Figure 16.30 in IPMB is an illustration from the book Molecular Biology of the Cell by Bruce Alberts and his coauthors. This acclaimed textbook is currently in its 6th edition (2014). The Oakland University library has the 5th edition (2008), which I quote in this blog post.

A illustration showing chromatin packing, in Intermediate Physics for Medicine and Biology (left) and Molecular Biology of the Cell (right).
The black and white figure Russ and I include in IPMB has evolved into the beautiful color figure 4-72 in the 5th edition of the Molecular Biology of the Cell. Their caption reads
Figure 4-72 Chromatin packing. This model shows some of the many levels of chromatin packing postulated to give rise to the highly condensed mitotic chromosome.
Alberts et al. state at the start of their Chapter 4
In this chapter we begin by describing the structure of DNA. We see how, despite its chemical simplicity, the structure and chemical properties of DNA make it ideally suited as the raw material of genes. We then consider how the many proteins in chromosomes arrange and package this DNA. The packing has to be done in an orderly fashion so that the chromosomes can be replicated and apportioned correctly between the two daughter cells at each cell division. It must also allow access to chromosomal DNA for the enzymes that repair it when it is damaged and for the specialized proteins that direct the expression of its many genes. We shall also see how the packaging of DNA differs along the length of each chromosome in eucaryotes, and how it can store a valuable record of the cell’s developmental history.
One of the most interesting feature of this figure is the “beads-on-a-string” appearance of chromatin. Alberts et al. write
The proteins that bind to DNA to form eukaryotic chromosomes are traditionally divided into two general classes: the histones and the nonhistone chromosomal proteins. The complex of both classes of protein with the nuclear DNA of eukaryotic cells is known as chromatin. Histones are present in such enormous quantities in the cell (about 60 million molecules of each type per human cell) that their total mass in chromatin is about equal to that of the DNA.

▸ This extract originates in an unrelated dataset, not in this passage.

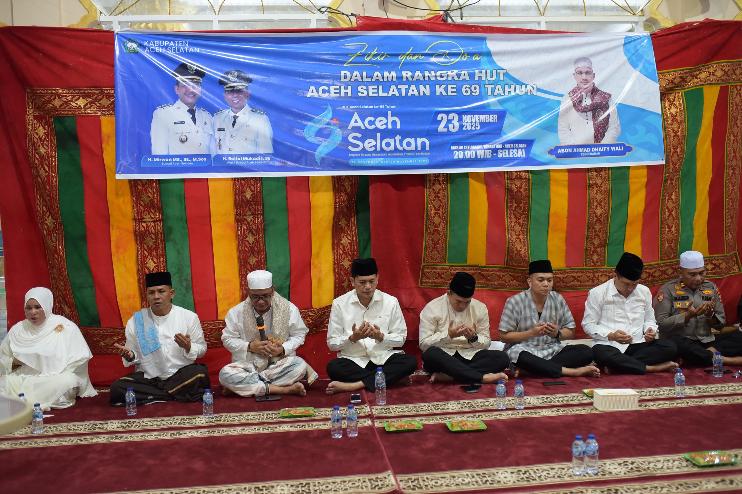 Tapaktuan | Atjeh Terkini.id – Pemerintah Kabupaten Aceh Selatan menggelar acara Doa dan Zikir bersama dalam rangka memperingati Hari Jadi ke-69 Kabupaten Aceh Selatan, pada Minggu malam (23/11/2025). Kegiatan berlangsung khusyuk di Masjid Istiqamah Tapaktuan mulai pukul 20.30 WIB hingga selesai.

Histones are responsible for the first and most basic level of chromosome packing, the nucleosome, a protein-DNA complex discovered in 1974. When interphase nuclei are broken open very gently and their contents examined under the electron microscope, most of the chromatin is in the form of a fiber with a diameter of about 30 nm (Figure 4-22A). If this chromatin is subjected to treatments that cause it to unfold partially, it can be seen under the electron microscope as a series of “beads on a string” (Figure 4-22B). The string is DNA, and each bead is a “nucleosome core particle” that consists of DNA wound around a protein core formed from histones.
For those who prefer videos over text and illustrations, below are two movies about how DNA is packaged in a cell.




I hope this post helps readers of IPMB understand better those “various intermediate structures that we will not discuss.” For more details, I recommend Molecular Biology of the Cell.